Goyal recently sat down with Datanami to talk about why he created Metaflow, what it does, and what customers can expect from an enterprise version of Metaflow at his startup, Outerbounds.
“If you want to do machine learning, there are a few raw ingredients that are needed,” Goyal says. “You need some place to store and manage your data, some way to access that data. You need some place to orchestrate compute for your machine learning models. Then there are all the concerns around MLops–versioning, experiment tracking, model deployment and whatnot. And then you need to figure out how is the data scientist actually authoring their work.
“So all of these raw building blocks in many ways exist, but then it’s still sort of left up to a data scientist to cross the barriers from one tool to the other,” he continues. “So that’s where Metaflow comes in.”
Metaflow helps by standardizing many of these processes and tasks, thereby allowing a data scientist to focus more on machine learning activities using Python or R, or any framework. In other words, it makes the data scientist “full stack,” Goyal says.
“It’s really important for a company like Netflix to provide a common platform for all its data scientists to be a lot more productive,” he says. “Because one of the big issues that bites most enterprises is that, if you have to deliver value with machine learning, not only do you need people who are great with data science, but you also need to enable folks to navigate internal system complexity.”
With Metaflow in place, Netflix’s data scientists (they called themselves machine learning engineers) don’t have to worry about how to connect to various internal data sources, or how to get access to large compute instances, Goyal says. Metaflow automates many of the aspects of running training pipelines or inference pipelines at scale on Netflix’s cloud platform, which is AWS.
In addition to automating access to data and compute, Metaflow also provides MLOps capabilities that help data scientists document their work through code snapshots and other capabilities. According to Goyal, the ability to reproduce results is one of the big benefits provided by the framework.
“One of the things that lacks in machine learning traditionally is problem reproducibility,” he says. “Let’s say you’re a data scientist and you’re training a model. Oftentimes, nobody else would be able to reproduce your results. Or if you’re running into an issue, nobody would be able to reproduce that issue to debug that. So we basically provide guarantees around reproducibility that then enables people to share results within teams, and that fosters collaboration.”
Metaflow also lets users mix and match different cloud instance types within a given ML workflow, which helps them to reduce costs, Goyal says. For example, say a data scientist wants to train an ML model using a large data set housed in Snowflake. Since it’s a lot of data, it needs to be go through a memory-intensive analysis process first, he says. Then the data scientist may want to train models on GPUs. Following the compute-intensive training process, deploying the model for inference requires fewer resources.

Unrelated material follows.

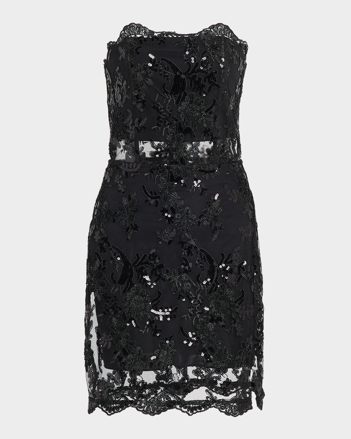 Intricately handembroidered with sequins on a floral lace base for added depth and shimmer, the "Georgie" dress by Alice + Olivia consists of a fitted bodice and an abbreviated hemline Approx. 33"L from shoulder to hem Strapless neckline Sleeveless Hem falls above the knee Bodycon fit Center back zipper Polyester Lining: Recycled polyester Imported

“You can basically carve out different sets of your workflow to run on different instance types and different resources,” Goyal says. “That further lowers your overall cost of training a machine learning model. You do not want to pay for a GPU instance while you’re only doing something that’s memory-intensive and doesn’t really engage the GPU.”
Metaflow allows data scientists to use their development tool or framework of choice. They can continue to run TensorFlow, PyTorch, scikitlearn, XGBoost, or any other ML framework they want. While there is a GUI for Metaflow, the primary method of interaction with the product is by including decorators in their Python or R code. At runtime, the decorators determine how the code with execute, Goyal says.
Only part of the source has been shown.